In the Khmer language, amok only refers to the dish, whereas in Thai ‘hor mok‘ translates as something like ‘bury wrap’ suggesting that on a linguistic basis, amok probably came from Cambodia’s immediate neighbours. A much less likely linguistic explanation for amok’s cloudy origins is to follow the trail of the word amok, whose genesis is from the 17th century Portuguese word amouco. Amouco entered into the Portuguese vernacular through their colonisation of Malaysia and is originally from the Malay amok (‘rushing in a frenzy’). Could the early Portuguese settlers or Malay traders in Cambodia carried the recipe for Peranakan otak otak with them from Malaysia resulting in the more frenzied Khmer version? It is unlikely but not outside the realm of possibility as Portugal’s culinary influence in the region resulted in starting the pan-Asian chilli addiction.
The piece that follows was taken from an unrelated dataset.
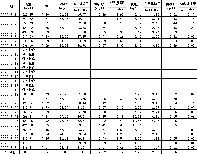 水在線監(jiān)測月報表(8月份)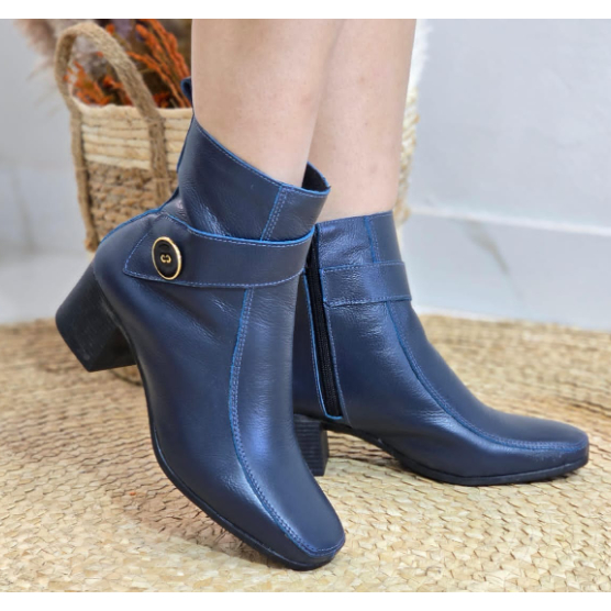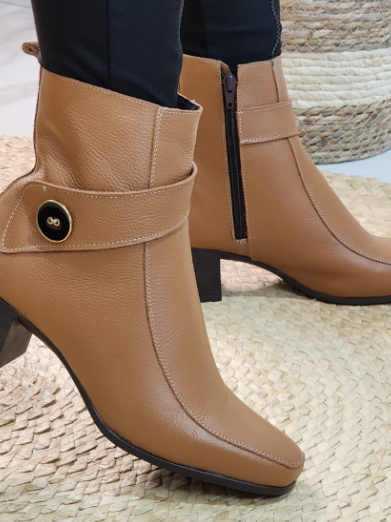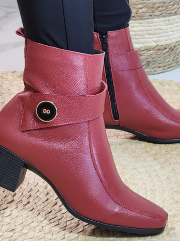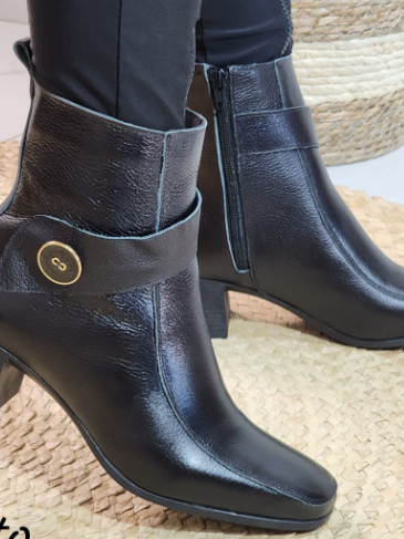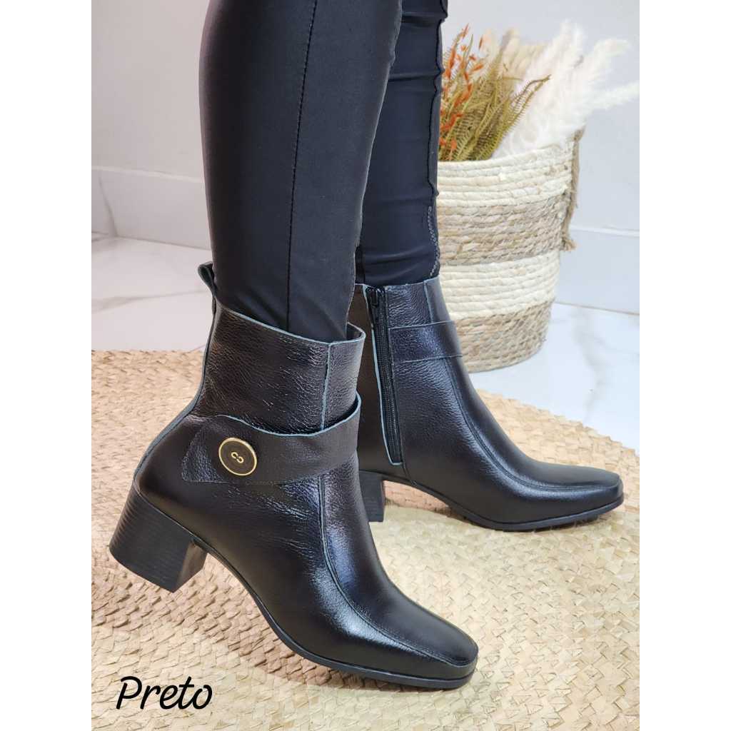 BOTA EM COURO LEGÍTIMO GLAMUROSA LUXUOSA DA MODA COM UM LINDO BOTÃO NA LATERAL BICO QUADRADO SUPER CONFORTÁVEL

The problem with writing Cambodian food histories is that is impossible to trace recipes beyond two generations for almost all Cambodian foods. Recipes in Cambodian cuisine are orally transmitted and when a generation forgets a recipe then it disappears. Generations also modify recipes to their tastes or simply due to the dictates of the seasons or their fortunes. In this context, claiming a food is historically authentic or not is ludicrous : it might be what their grandmother cooked but beyond that lays pure conjecture. While some believe that the Khmer Rouge era destroyed much of Cambodian cuisine, I tend to take the contrary view that due to recipes being so widely distributed in society combined with the unimaginable resilience of Cambodia’s people meant that only the most marginal foods disappeared.
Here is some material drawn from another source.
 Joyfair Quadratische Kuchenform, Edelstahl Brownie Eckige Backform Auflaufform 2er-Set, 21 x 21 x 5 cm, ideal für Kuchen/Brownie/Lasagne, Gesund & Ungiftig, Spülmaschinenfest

Snakehead fish The resilient snakehead fish (trei ros), equally at home on dry land and in fish amok

The positive result of an orally transmitted cuisine is not only its survivability: it means that no recipe is ever canonised. There will always be subtle differences between neighbouring provinces or even neighbouring families. Fish amok is no exception with some recipes resulting in an almost-solid brick of curry or a soupier amok. Snail (chouk) is commonly used instead of fish. Some amoks are decorated Thai-style with shredded chilli and lime leaves. Some aren’t. More recently ‘tofu amok’ and ‘chicken amok’ have inveigled their way onto menus as a response to the fish-suspicious tourist.

My aim for Amokalypse Now: firstly, eat one amok each week for at least seven weeks and release a review of it on Friday, attempting to capture the widest variation of amoks. I promise to resist the use of the ‘running amok’ pun. I’ll leave that one for the professionals.